This ability is written Enchant (quality) and appears on Auras, a subtype of enchantments. An Aura enters the battlefield attached to a permanent with the quality of its Enchant ability, and can only be attached to a permanent with that quality. If an Aura is not attached to a permanent with the required quality (such as if the object it enchants leaves the battlefield), it is put into its owner's graveyard. Like protection, the quality can be almost anything, but it normally has a permanent type associated with it, such as "Enchant creature." This ability was formerly seen in the type line instead of "Enchantment - Aura." The wording changed in the Ninth Edition core set, which introduced the Aura subtype.
This ability is written Equip (cost).
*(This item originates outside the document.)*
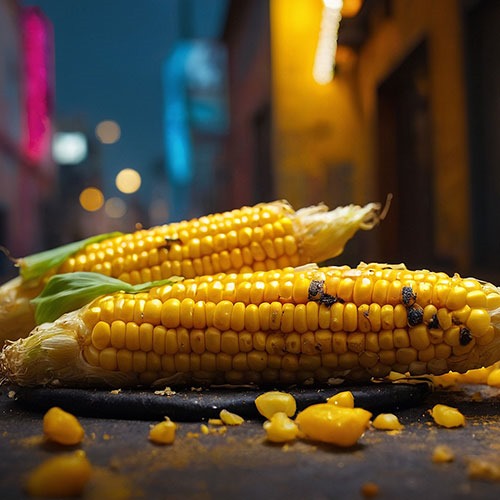 Elote amarillo frito y espolvoreado con nuestra mezcla de especias.

It is found only on Equipment, a subtype of artifacts that first appeared in Mirrodin. A player may pay the Equip cost as a sorcery (only during his or her own main phase when the stack is empty) to attach it to a creature he or she controls. That creature becomes "equipped" and can then be referenced by the Equipment as the "equipped creature." If the Equipment is already attached to a creature, its controller may pay the Equip cost again to move it to another creature. However, the Equipment cannot simply be "dropped" by the equipped creature by paying the Equip cost. When a creature leaves the battlefield or stops being a creature by some effect, any Equipment attached to it "falls off," becoming unattached but remaining on the battlefield.
Creatures with first strike deal damage before other creatures in combat. Therefore, if a creature with first strike deals sufficient damage to kill an opposing creature without this ability, it will not suffer any combat damage from that creature in return.
Flash is the keyword of an ability that has existed as far back as Mirage. Artifacts, creatures or enchantments with flash may be played any time their controller could play an instant. Older cards with that ability have been updated via rules errata to have flash; this allows them to work with cards such as Mystical Teachings.
Creatures with flying can't be blocked except by other creatures with flying and/or reach. Flying is the most common Magic keyword, and appears in all five colors, but chiefly in blue and white. Creatures with flying are often Dragons, Angels, Birds, and other creatures that have wings.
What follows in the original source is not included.